Lentamente trató de mirar a los costados, y comprobó que las camas a los lados estaban desocupadas. Las tres que podía ver directamente enfrente de él estaban igual de deshabitadas. Tan sólo en un rincón de la sala, contra la pared, se percibía el débil resplandor de una luz, y apenas más acá resaltaba algo como una persona dándole la espalda. Dispuesto a mantenerse despierto, se puso a mirar el cielorraso, que, por otra parte, estaba lleno de manchas, y muy curiosas. Así descubrió el perfil de un gato con la cola alrededor de las patas, una cabra saltando un vallado o un seto, una nube con amenaza de tormenta eléctrica. Más tarde giró un poco y observó el piso con mosaicos negros y blancos, pero no vislumbró allí nada de mayor interés. Apenas jugó un rato con un poco de tamo que se dejaba manipular mansamente con un mero soplo de aliento. Luego, cansado y de mal humor, se tendió otra vez en la cama.

Una vez más estaba en la plaza del pueblo, pedaleando en un triciclo. Ahora hacía calor, y él andaba de bermudas y una remerita toda anaranjada con oscuras manchas de suciedad en los rebordes de la costura. El triciclo sólo giraba en círculos, cada vez más concéntricos, y un poco más allá, sobre una mínima elevación cubierta de césped, se encontraba su padre –papá–, austero en el vestir y con gesto duro, expectante. En ese momento el padre lo llamaba, dando gritos sordos, acallados. Y aunque él no podía oírlo, sabía que debía acudir hacia la figura paterna, que ahora lo convocaba vivamente ante él. Pero ocurría que, de hecho, sólo pedaleaba con una pierna, puesto que la otra la tenía rígida, como inservible – no puedo, papá, no llego –. Entonces sobrevino un cambio. Ya no estaba más en la zona de los canteros, sino que estaba en un costado de la plaza, sobre la vereda, y en su primera bicicleta. Venía en bajada, a cierta velocidad. Un instante después, y sin poder hacer nada, perdió el control de la bicicleta y se precipitó contra el suelo.

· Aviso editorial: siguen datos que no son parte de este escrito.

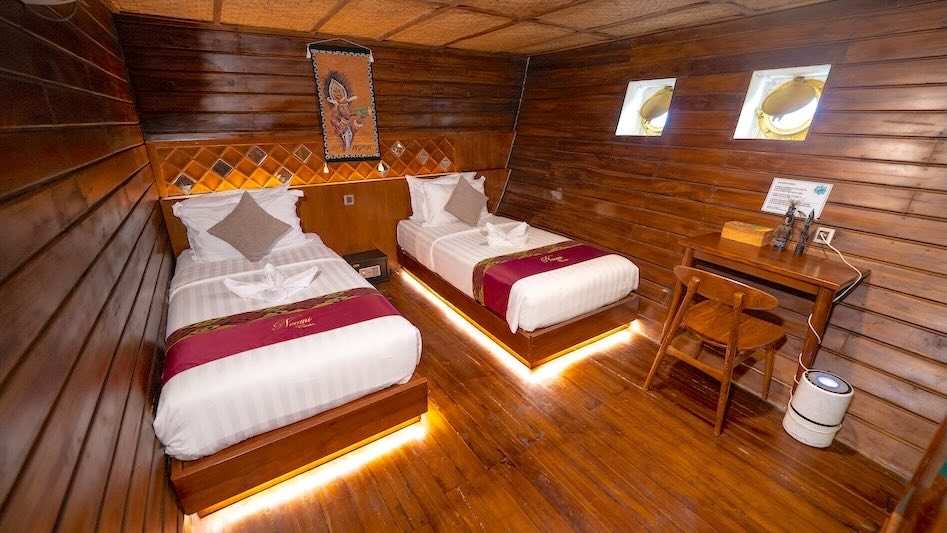 Neomi Liveaboard is a luxurious phinisi-style vessel designed to accommodate 20 guests (22 for a full charter) across 10 well-appointed cabins, offering a blend of traditional Indonesian craftsmanship and modern comforts.

El niño, mientras era llevado medio inconsciente, sentía un fuerte dolor en la pierna. En la estrepitosa caída el manubrio de la bicicleta se le había incrustado en la pierna, cerca de la rodilla, y al parecer le había quebrado el fémur y estaba perdiendo bastante sangre.

– Papá, ¿qué me pasó?

– Te fracturaste el fémur, hijo.

– ¿El qué?

– El hueso de la pierna, hijo.

Ya en el hospital, y con una fiebre delirante, se imaginó luchando en una batalla, en la cual era alcanzado en la pierna por el fuego de metralla. Aunque la herida le hacía perder mucha sangre, se esforzaba en demorar la angustia de perder la pierna. Así y todo, lo envolvía el dulce contento del héroe herido. Antes de desvanecerse, unas manos de mujer, cálidas y sedosas, le acariciaron la frente y las mejillas.

Despertó angustiosamente sofocado, con pánico casi. En su desesperación, buscó penosamente entre las sábanas hueras donde debía estar su pierna herida. No encontró demasiado, apenas un muñón –estoy tullido, papá–, y mientras una gran lágrima triste perforaba su alma de niño grande, en un rincón de la sala, contra la pared, como lejos del mundo y de la realidad, asomó el débil resplandor de una luz clara, armoniosa. Al cerrar los ojos para que la pena fluyera libre, desahogada, quiso volver a estar en la plaza del barrio, y también con su padre.